Złośliwe oprogramowanie na macOS w 2020
W ostatnich latach złośliwe programy skierowane na macOS stały się coraz bardziej powszechne (i wyrafinowane), być może nawet osiągając poziom równy platformie Microsoft Windows. Dobrze ilustruje to raport Malwarebytes „2020 State of Malware Report”.
I po raz pierwszy w historii, komputery Mac wyprzedziły komputery PC z systemem Windows w liczbie zagrożeń wykrytych na punkt końcowy.
To jedna z pierwszych informacji zamieszczonych w raporcie Objective See. Jednak dalej autorzy wyjaśniają:
Należy zauważyć, że statystyki te obejmują zarówno adware (jak i potencjalnie niechciane programy). A rzeczywistość jest taka, że jeśli użytkownik Maca zostanie zainfekowany złośliwym kodem, bardziej niż prawdopodobne jest, że będzie to adware niż wyrafinowany backdoor organizacji państwowej lub przestępczej.
„Zdecydowana większość zagrożeń dla macOS w [ostatnich latach] należała do kategorii AdWare” twierdzi Kaspersky cytowany przez Objective See.
„Jednak adware i PUP mogą być w rzeczywistości znacznie bardziej inwazyjne i niebezpieczne na Macu niż prawdziwe złośliwe oprogramowanie. Mogą przechwytywać i odszyfrowywać cały ruch sieciowy, tworzyć ukrytych użytkowników ze statycznymi hasłami, dokonywać niezabezpieczonych zmian w ustawieniach systemowych i generalnie zapuszczać korzenie głęboko w systemie, tak że całkowite ich wyeliminowanie jest niewiarygodnie trudne” studzi optymizm Thomas Reed.
Cały raport z fragmentami kodu i opisem działania znajdziecie w raporcie Objective See w języku angielskim. Dostępny jest też PDF do pobrania.

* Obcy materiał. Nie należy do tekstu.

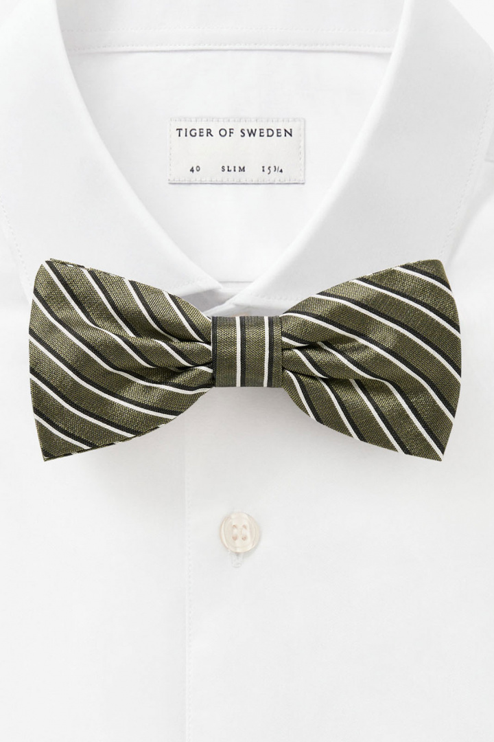 Fluga från Tiger of Sweden.Titus Bt.Tygnummer: T72371Färgkod: 420- Färdigknuten- Justerbar- Randig- Fluga herrTitus Bt Slips från Tiger Man - Färdigknuten fluga för herrUppgradera din stil med den eleganta Titus Bt slipsen från Tiger Man. Den färdigknutna flugan är det perfekta tillbehöret för varje herr som vill skapa en sofistikerad och tidlös look. Tillverkad av 100% högkvalitativt silke erbjuder denna slips en fantastisk glans och en mjuk känsla mot huden. Med sin stiliga randiga design utstrålar Titus Bt slipsen både klass och modern känsla. Den justerbara konstruktionen gör att den passar optimalt och sitter bekvämt, oavsett tillfälle. Oavsett om du ska på bröllop, fest eller en affärsmiddag, är denna fluga ett utmärkt val för att framhäva din personliga stil.Titus Bt slipsen kombinerar funktion och stil med sin färdigknutna design. Du slipper krånglet med knytande flugor, vilket sparar tid och säkerställer att du alltid ser välklädd ut. Den randiga mönstringen ger en subtil men distinkt karaktär som kan lyfta vilket outfit som helst.Denna slips är inte bara en accessoar; det är ett statement. Genom att investera i Titus Bt slipsen får du en stilren och elegant fluga som tål att användas vid flera tillfällen. Den högkvalitativa silke-tyget ger en långvarig hållbarhet och gör flugan till ett smart val för herrar med smak.Välj Titus Bt slips från Tiger Man för att alltid känna dig självsäker och stilig. Kombinera med en välsittande kostym eller skjorta för att fullända din look. Beställ din idag och upplev den perfekta sammanslagningen av komfort och stil!Tack för att du handlar i vår webbshop. Besök oss även i vår butik i Vingåker. Läs mer på www.vfo.se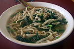 my father was eager to attach the panniers to my bike, but i'm happy with my oversized milk crate. the bags are great but unfortunately they're designed for 26" wheels, which means they drape a little bit too much on my 24" wheels (not so bad on the left side, but it definitely sits on the cassette on the right). my godmother was also at the cafe when i got there. i had some turkey noodle soup for lunch before i returned home. i also brought back some chinese oil rice for dinner.

Czyli cały marketingowy bełkot Jobsa o tym, że mac jest taki odporny na wirusy można by zamienić na hasło:
„Nasz system jest tak niszowy, że nie opłaca się na niego robić wirusów” 🙂
Pragnę przypomnieć, że Jobs zmarł niemal 10 lat temu. W moim wieku czas leci szybko, ale nie aż tak. To było Baaardzo dawno, a obecnie macOS znacznie zwiększył udział w rynku. Z tych powodów Twoje pisanie jest wyjątkowo mocno pozbawione sensu.
Żeby było śmieszniej w trzecim zdaniu w sposób niezamierzony redaktor przyznaje oponentowi rację.

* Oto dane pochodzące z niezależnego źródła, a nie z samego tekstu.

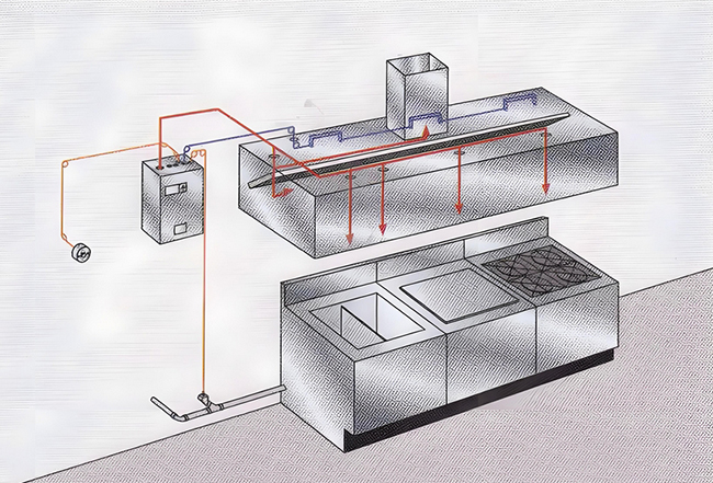 排煙系統(tǒng):排煙設(shè)備如油煙凈化器、風(fēng)機(jī)等,在滅火過程中和滅火后,能夠迅速排除廚房?jī)?nèi)的煙霧和有害氣體,保持空氣流通。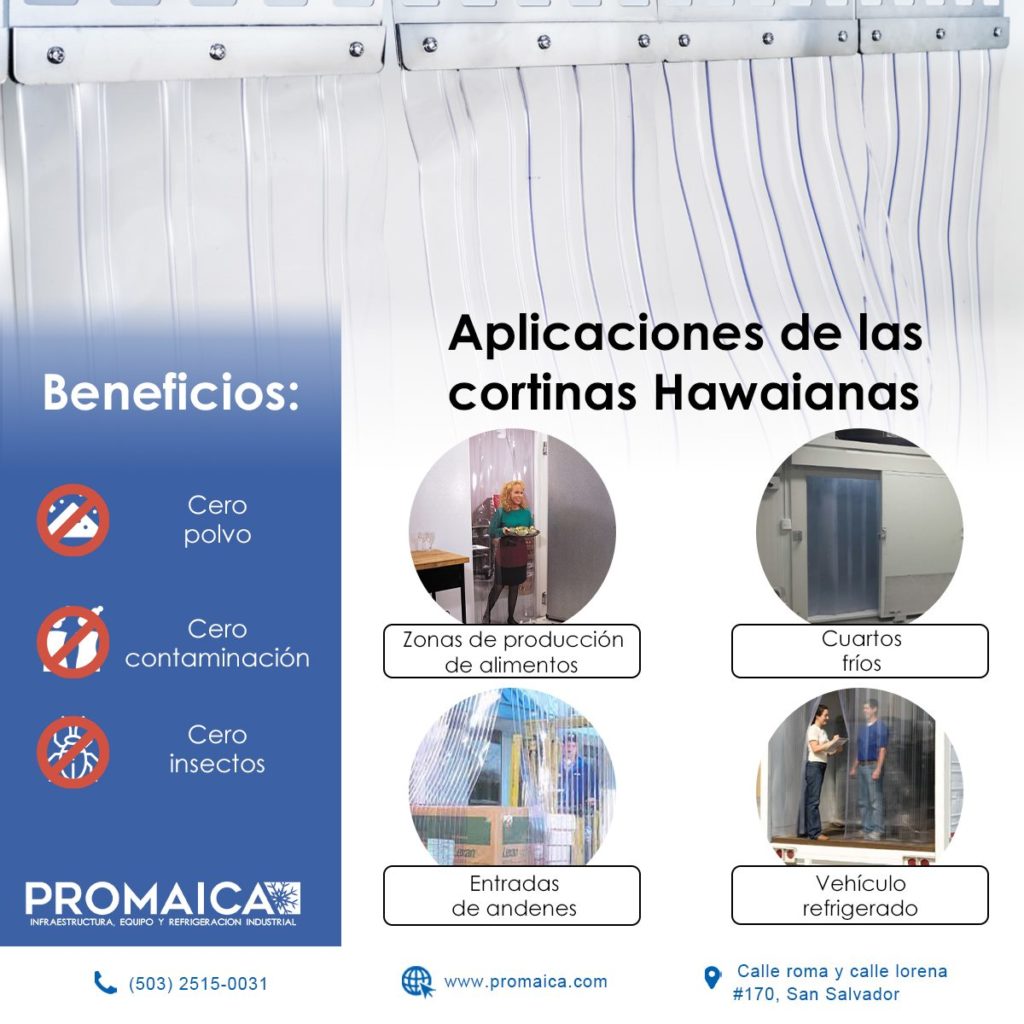 Puedes reforzar tu cuarto frío instalando cortinas hawaianas o de lama que ayudarán a crear una barrera que impida el paso de aire cálido, polvo e insectos. Por lo tanto, cumple doble función porque evita el paso de agentes contaminantes y la pérdida de cualidades térmicas, cumpliendo así los requerimientos sanitarios al no dejar que los productos pierdan sus propiedades por mal congelamiento o generación de virus y bacterias.
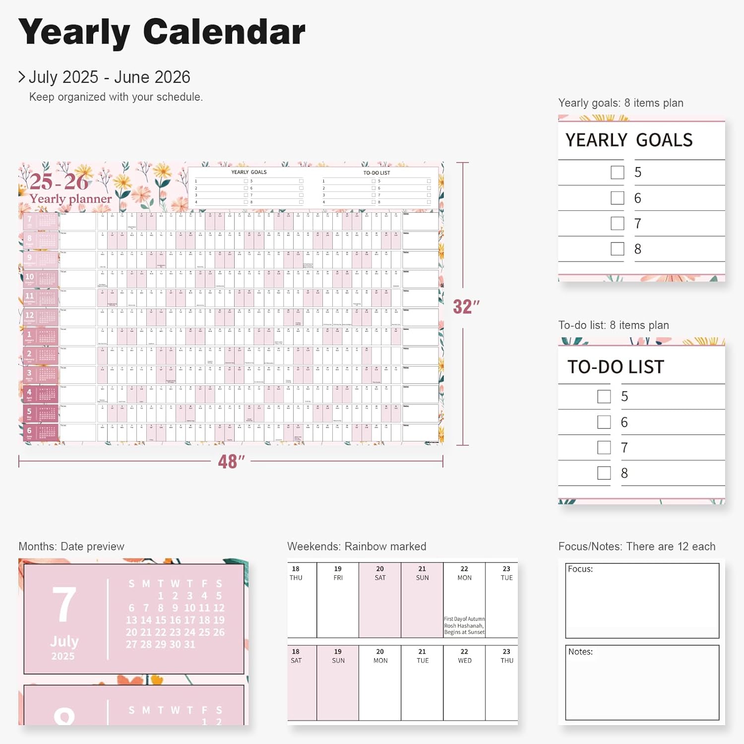 Ospelelf Calendar 2025-2026 Large Dry Erase Wall Calendar 32'' x 48'', 12 Month Laminated Calendar for Classroom, Family, Use July 2025 - June 2026 (Floral)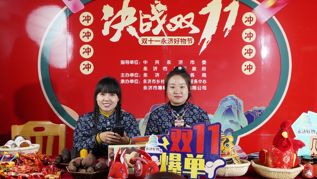 经过一个月的准备,永济市乡村e镇电商公共服务中心工作人员从选品到背景制作设计,从邀约网红到选定场地,进行了多方比较和方案优化。中国红底色的“决战双十一”背景板,不时响起的“链接已上”的声音,再加上惠畅非遗土布纺织车间内众多手艺工人“哒哒哒哒”的纺线和织布声音巧妙织就一幅“融合农文旅,贯通产加销”美妙画面。

Raczej próba wykazania się znajomością tematu. A co? Nie wyszło?
Przykro mi, raczej nie. Czasami trzeba przyznać rację drugiej stronie. Działa odświeżająco i nakłuwa balonik posiadania monopolu na rację.
No właśnie zwiększył udział i teraz przestępcy pokazują jakie apple potrafi babole wypuścić.
Np. root bez hasła
W iOS:
– instalacja złośliwego oprogramowania przez otwarcie pdf’a
– zawieszanie systemu przez odebranie wiadomości
No i ten raport to potwierdza.
I już w marketingowych informacjach brak bełkotu: „Na nasz system nie ma wirusów”. Teraz jest: „Dbamy o Twoją prywatność” – tak dba, że w Yosemite spotlight wysyłał współrzędne użytkownika do bing.com.

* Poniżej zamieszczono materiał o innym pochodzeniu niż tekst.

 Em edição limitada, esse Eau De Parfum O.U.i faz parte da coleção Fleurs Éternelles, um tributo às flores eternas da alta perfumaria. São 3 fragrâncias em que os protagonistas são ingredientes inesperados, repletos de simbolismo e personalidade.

Autor jednak zawsze będzie wybielał Apple. No bo to przecież walka dobra ze złem, więc „aktualizujcie systemy”. Lub „choroby wieku dziecięcego”, lub „to dotyczy małej liczby użytkowników”.
A to tylko software – ile fuckup’ów Apple zaliczył przy projektowaniu hardware’u? Pękające zawiasy, wyginające się telefony, zbyt krótkie taśmy do ekranu łamiące przy zawiasach itp. itd.